What is the Hib conjugate vaccine made of?
NEET-PG 2015 - Pharmacology NEET-PG Practice Questions and MCQs
Question 571: Which of the following vaccines is not freeze-dried?
- A. Measles Vaccine
- B. Diphtheria, Pertussis, and Tetanus (DPT) Vaccine (Correct Answer)
- C. Rubella Vaccine
- D. BCG Vaccine
Explanation: ***Diphtheria, Pertussis, and Tetanus (DPT) Vaccine*** - The DPT vaccine is a **liquid vaccine** that contains inactivated toxins and bacterial components, making it stable in liquid form. - It does not require **freeze-drying** because its components are chemically stable and do not degrade significantly in solution. *Measles Vaccine* - The measles vaccine is a **live attenuated vaccine** that needs to be freeze-dried to maintain the viability and stability of the live virus. - Freeze-drying helps preserve the vaccine's potency by removing water, which prevents degradation during storage and transport. *Rubella Vaccine* - Similar to the measles vaccine, the rubella vaccine is a **live attenuated vaccine** and is therefore provided in a freeze-dried form. - This process ensures the long-term stability and efficacy of the viral components, which would otherwise degrade in a liquid state. *BCG Vaccine* - The BCG (Bacillus Calmette-Guérin) vaccine is a **live attenuated bacterial vaccine** used against tuberculosis, and it is also manufactured as a freeze-dried product. - Freeze-drying is essential for maintaining the viability of the live attenuated *Mycobacterium bovis* strain.

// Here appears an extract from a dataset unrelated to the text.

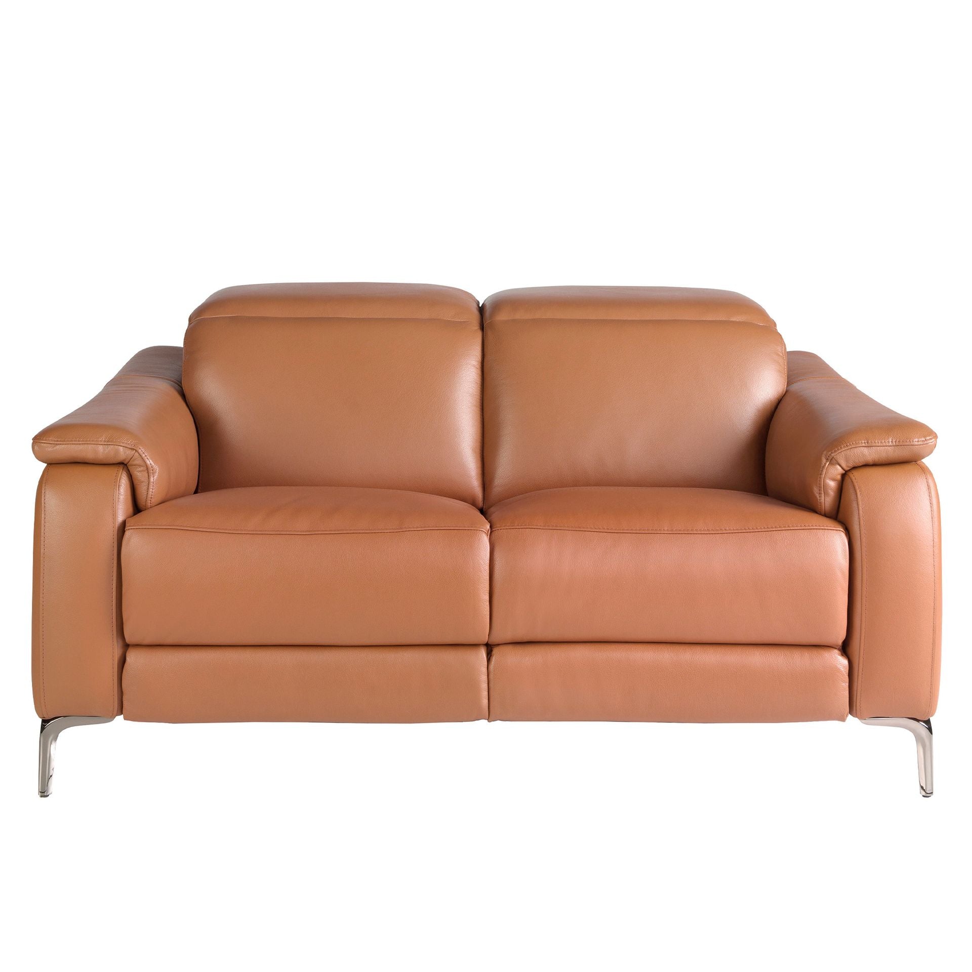 Divano relax a 2 posti dal design moderno, rivestito in pelle bovina marrone e dotato di poggiatesta per un maggiore comfort. Sia per il suo stile che per le sue gambe in acciaio inox cromato scuro, questo divano porterà un tocco di avanguardia ed eleganza che state cercando nella vostra casa.I suoi 2 sistemi di relax elettrici vi offrono il comfort extra di cui avete bisogno per rilassarvi.

Question 572: What is the Hib conjugate vaccine made of?
- A. Capsular polysaccharide
- B. Purified protein with carrier
- C. Cell wall polysaccharide
- D. Capsular polysaccharide with carrier (Correct Answer)
Explanation: ***Capsular polysaccharide with carrier*** - The Hib conjugate vaccine uses a **polysaccharide capsule** from *Haemophilus influenzae* type b (Hib) covalently linked to a **protein carrier** [1]. - This conjugation allows activated B cells to present the polysaccharide to T helper cells, inducing a strong **T-cell dependent immune response** and **immunological memory**, especially in infants [1]. *Capsular polysaccharide* - A vaccine made only of **capsular polysaccharide** would be a **polysaccharide vaccine**, which induces a **T-cell independent immune response**. - This type of vaccine is **poorly immunogenic in infants** and does not generate long-lasting memory. *Purified protein with carrier* - This describes components of some **protein subunit vaccines**, but not specifically the Hib vaccine, which targets the polysaccharide capsule. - While it employs a carrier protein, the primary antigen is the **polysaccharide**, not a purified bacterial protein. *Cell wall polysaccharide* - The Hib vaccine specifically targets the **capsular polysaccharide**, which is distinct from the general cell wall polysaccharides found in the bacterial outer membrane. - The **capsule** is the primary virulence factor and target for protective immunity in Hib.